» WHAT TO WORK ON
Send back the line that contains "Mesa bar para" and all lines following it through the end of the data below, exactly, omitting pictures.

» STORED DATA
◆ ◆ ◆ ◆ ◆

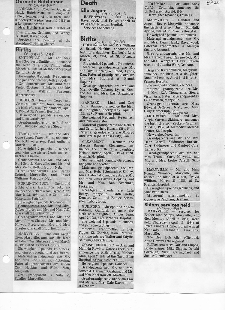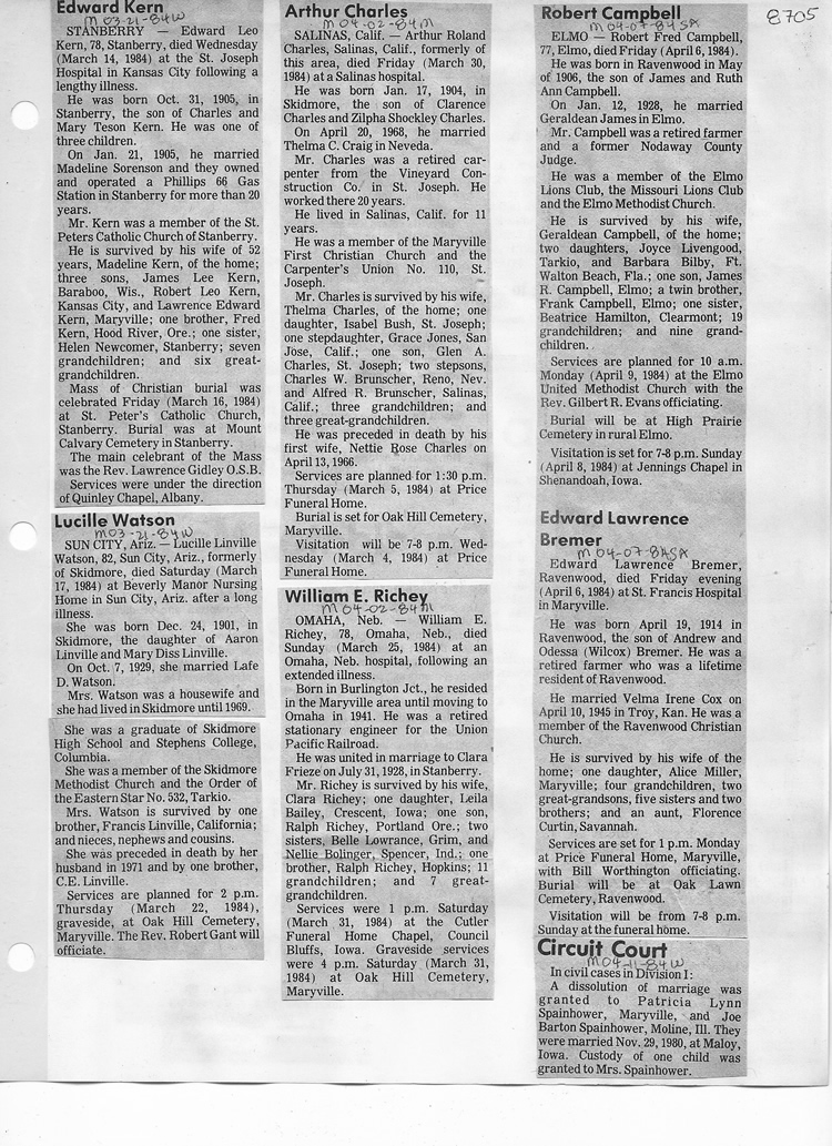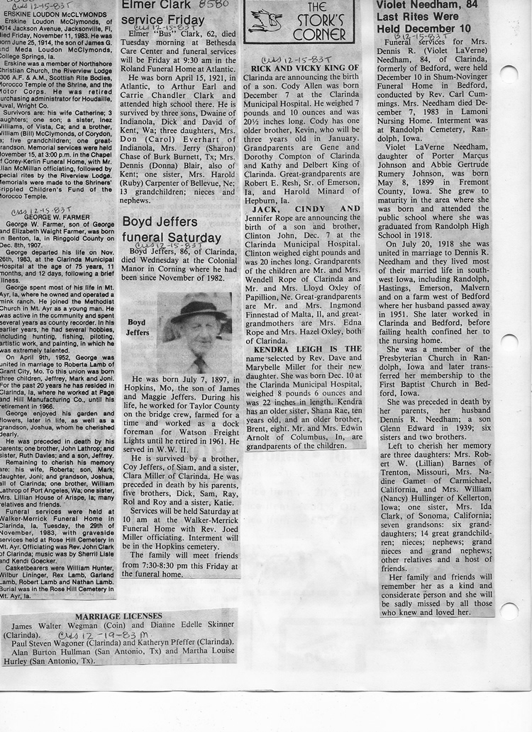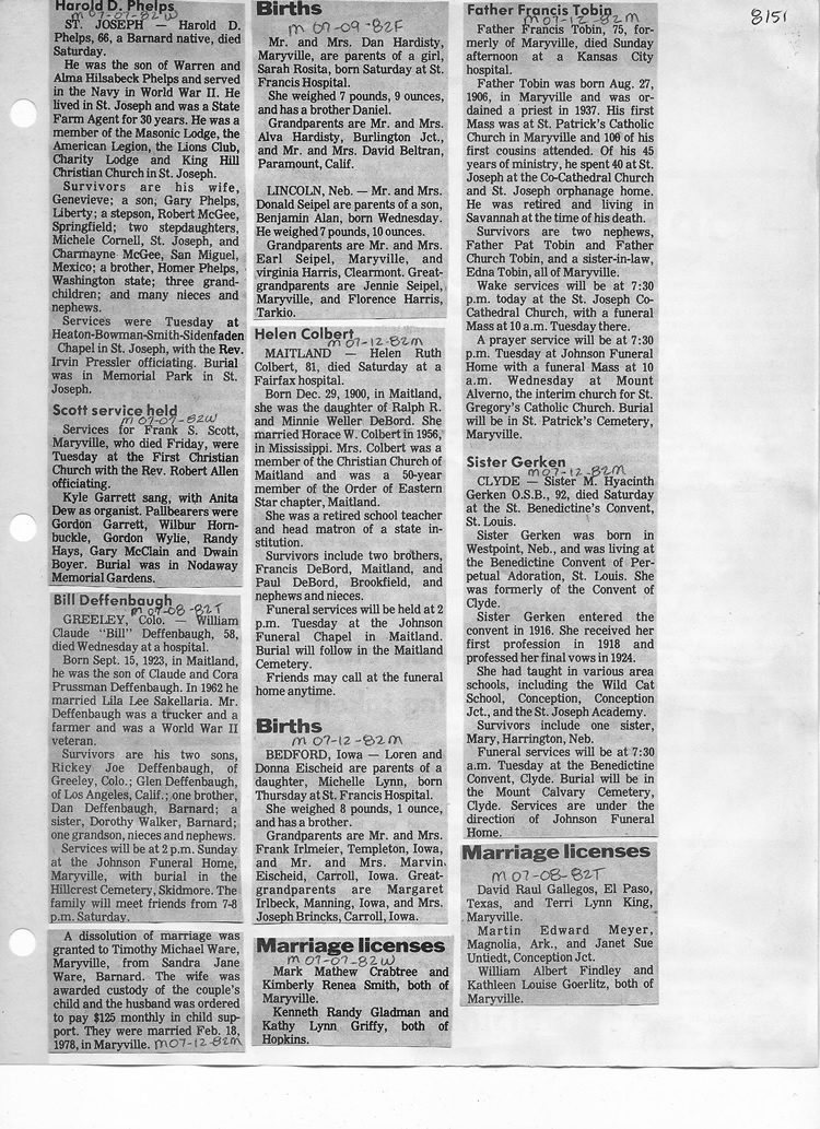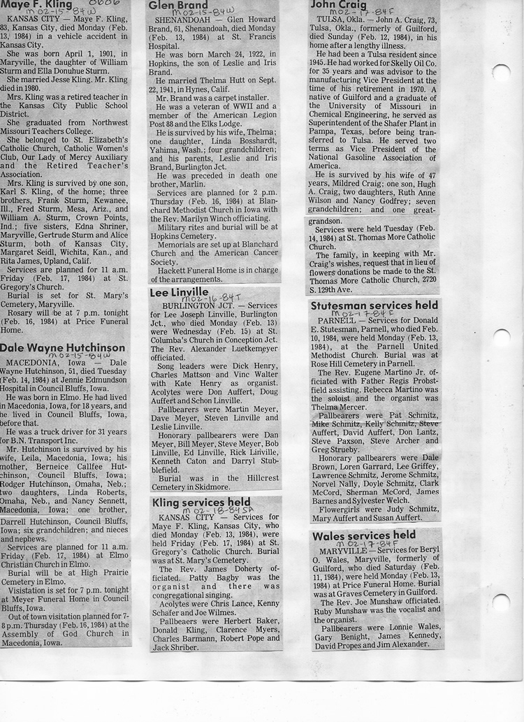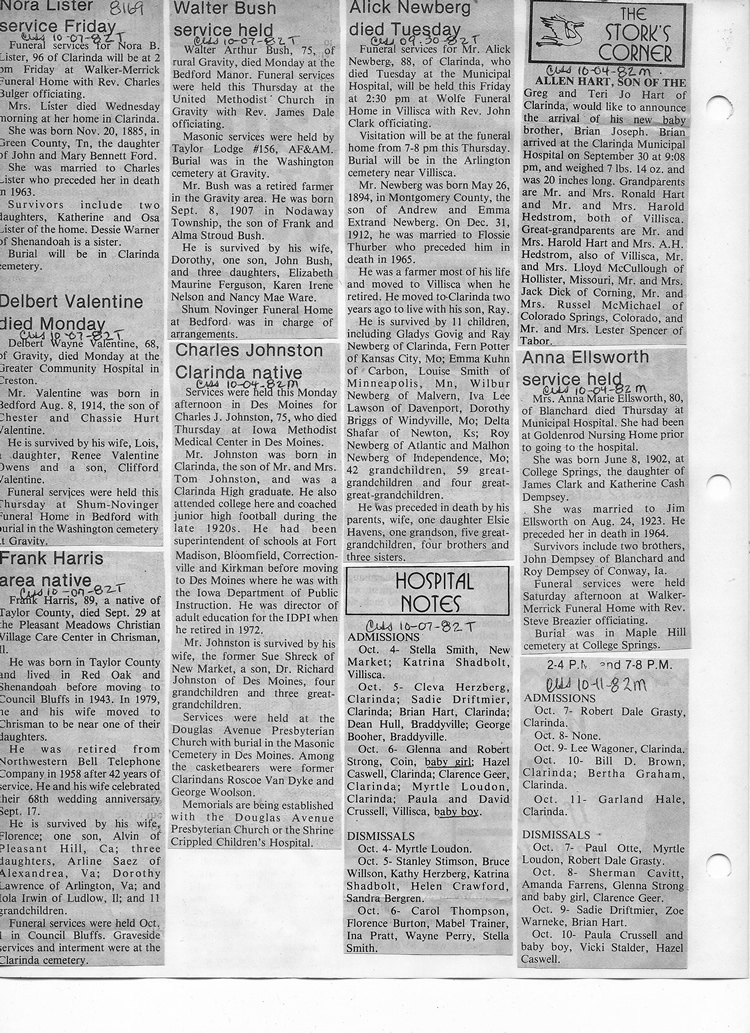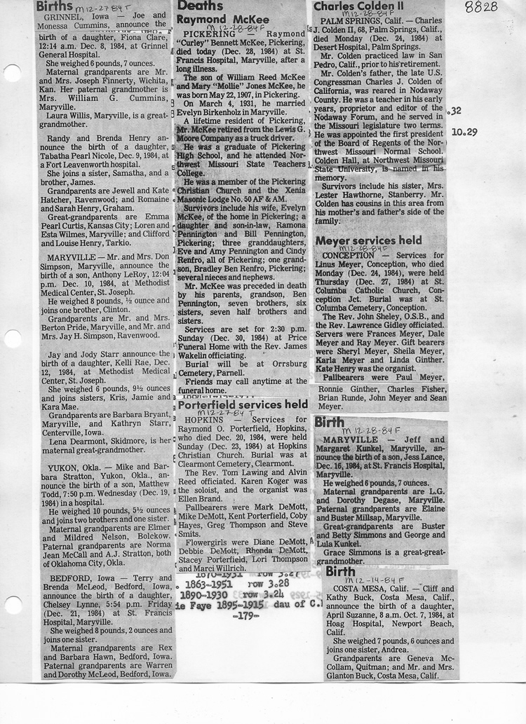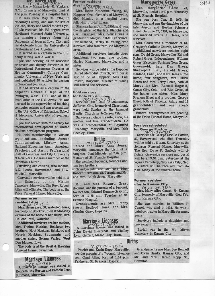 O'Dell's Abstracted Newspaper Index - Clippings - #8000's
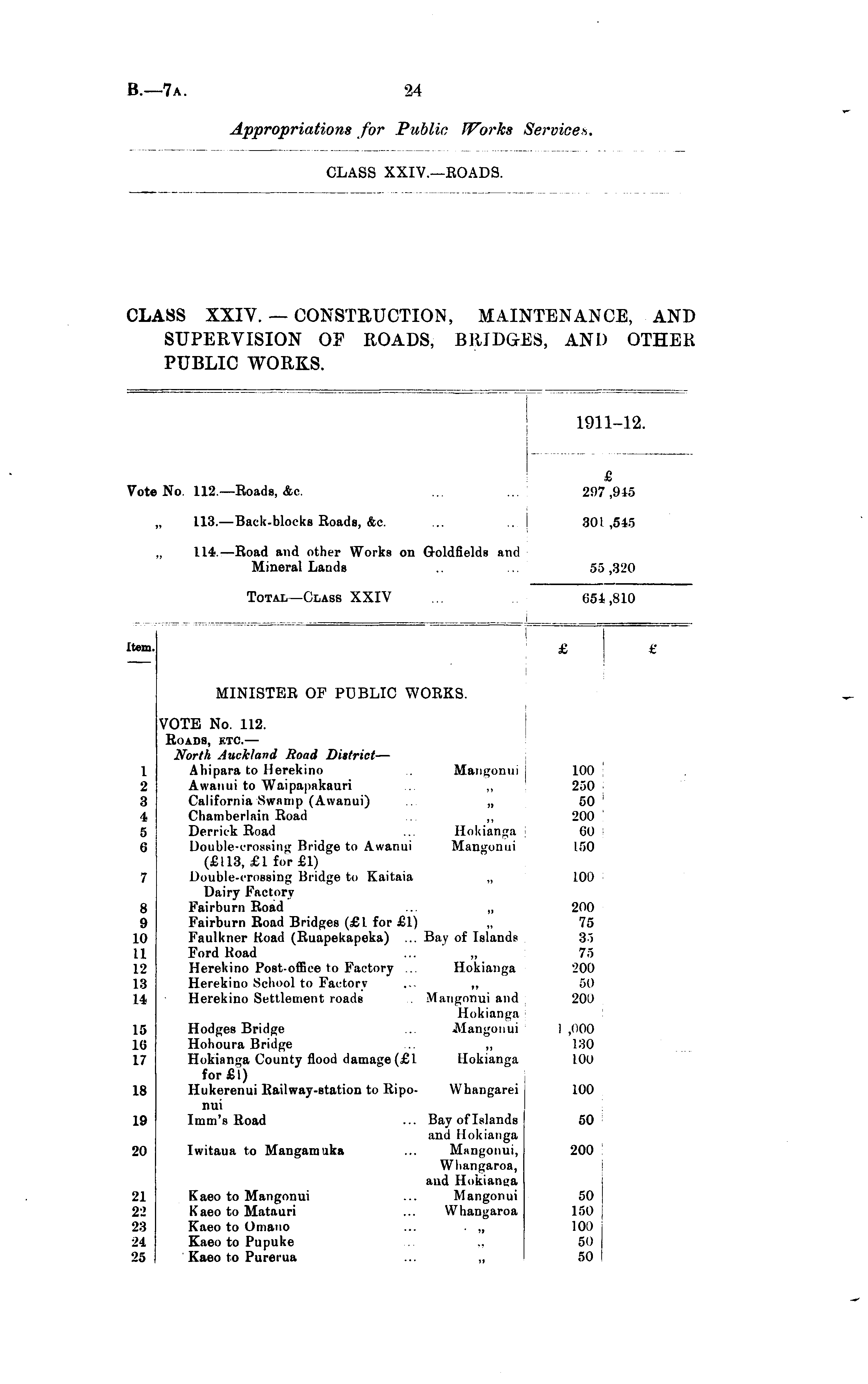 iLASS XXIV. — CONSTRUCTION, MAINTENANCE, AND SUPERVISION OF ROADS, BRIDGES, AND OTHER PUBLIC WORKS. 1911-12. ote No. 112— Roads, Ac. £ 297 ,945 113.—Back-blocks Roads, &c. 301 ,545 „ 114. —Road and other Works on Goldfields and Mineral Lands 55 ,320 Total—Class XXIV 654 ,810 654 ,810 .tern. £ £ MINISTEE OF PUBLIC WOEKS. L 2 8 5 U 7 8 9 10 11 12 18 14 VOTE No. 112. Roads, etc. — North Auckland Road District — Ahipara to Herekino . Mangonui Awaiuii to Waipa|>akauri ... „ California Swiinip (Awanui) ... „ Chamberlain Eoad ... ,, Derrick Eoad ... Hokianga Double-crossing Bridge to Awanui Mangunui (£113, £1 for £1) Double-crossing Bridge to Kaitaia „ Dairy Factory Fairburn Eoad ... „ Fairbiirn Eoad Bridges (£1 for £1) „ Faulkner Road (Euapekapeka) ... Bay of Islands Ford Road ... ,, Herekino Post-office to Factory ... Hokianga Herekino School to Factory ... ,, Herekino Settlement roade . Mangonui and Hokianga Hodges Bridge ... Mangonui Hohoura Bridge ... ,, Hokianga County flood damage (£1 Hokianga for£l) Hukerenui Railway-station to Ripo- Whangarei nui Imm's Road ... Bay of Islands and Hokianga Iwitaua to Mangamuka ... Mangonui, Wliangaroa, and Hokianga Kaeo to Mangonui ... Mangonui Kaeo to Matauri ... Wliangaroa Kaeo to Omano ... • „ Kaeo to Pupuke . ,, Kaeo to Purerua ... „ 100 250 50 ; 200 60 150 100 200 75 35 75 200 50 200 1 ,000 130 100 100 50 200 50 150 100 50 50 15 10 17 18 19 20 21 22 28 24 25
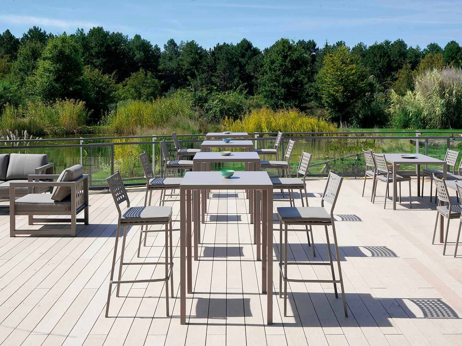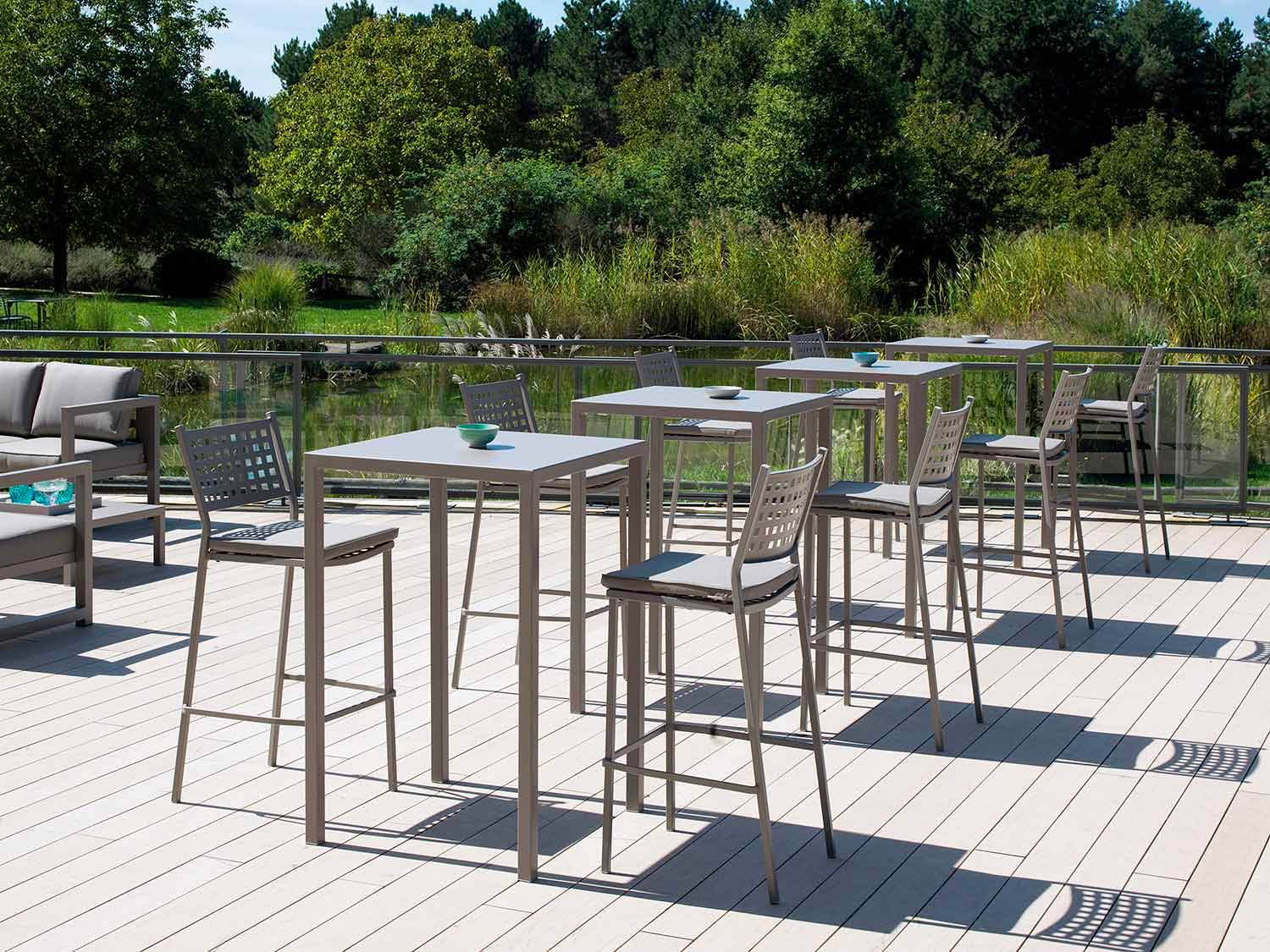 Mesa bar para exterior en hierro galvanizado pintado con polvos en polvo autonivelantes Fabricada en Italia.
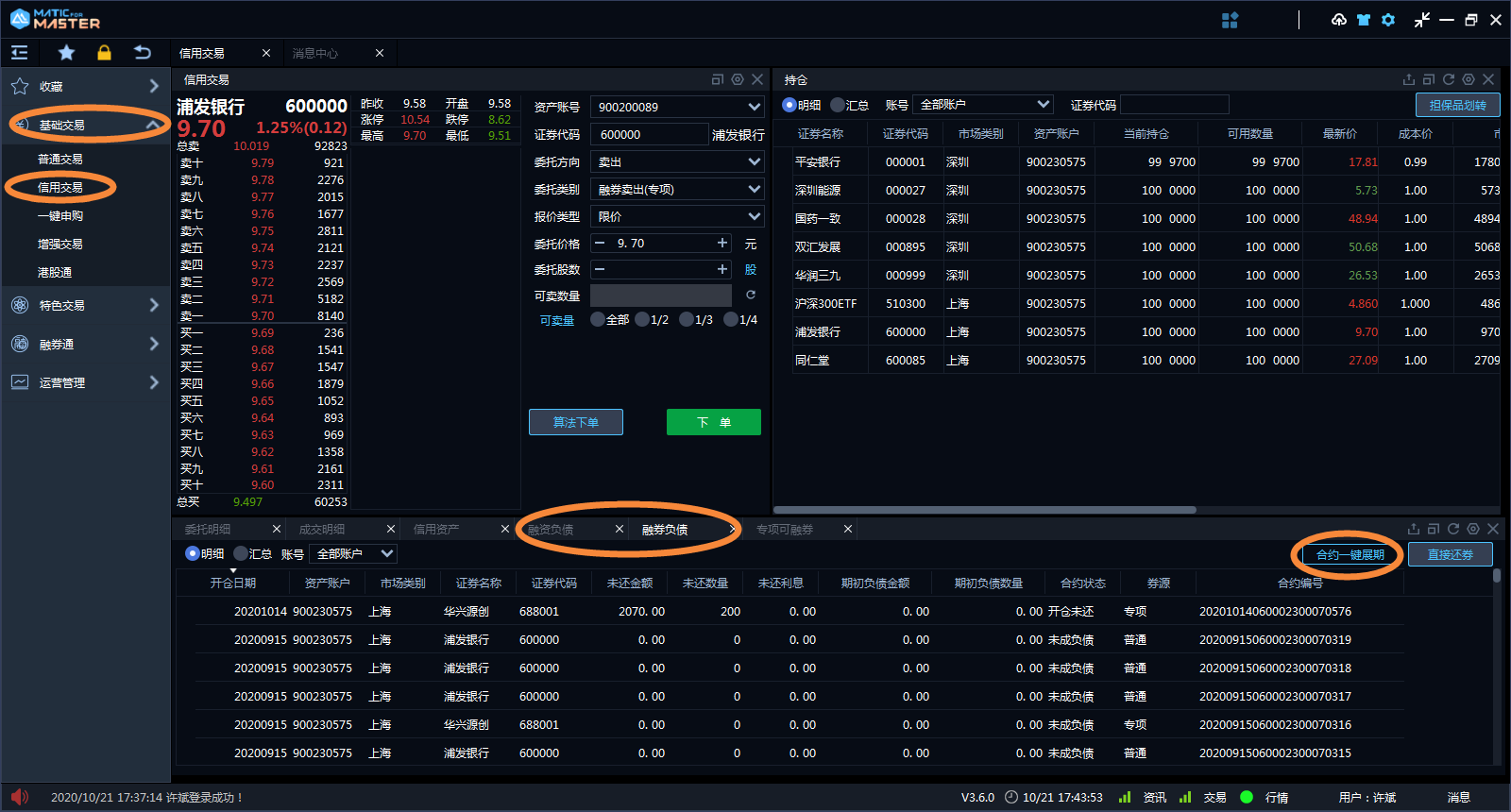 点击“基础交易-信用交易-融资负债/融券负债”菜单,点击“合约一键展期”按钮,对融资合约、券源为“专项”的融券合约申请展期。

◆ ◆ ◆ ◆ ◆

» RESULT FOR THIS EXERCISE
 Mesa bar para exterior en hierro galvanizado pintado con polvos en polvo autonivelantes Fabricada en Italia.
 点击“基础交易-信用交易-融资负债/融券负债”菜单,点击“合约一键展期”按钮,对融资合约、券源为“专项”的融券合约申请展期。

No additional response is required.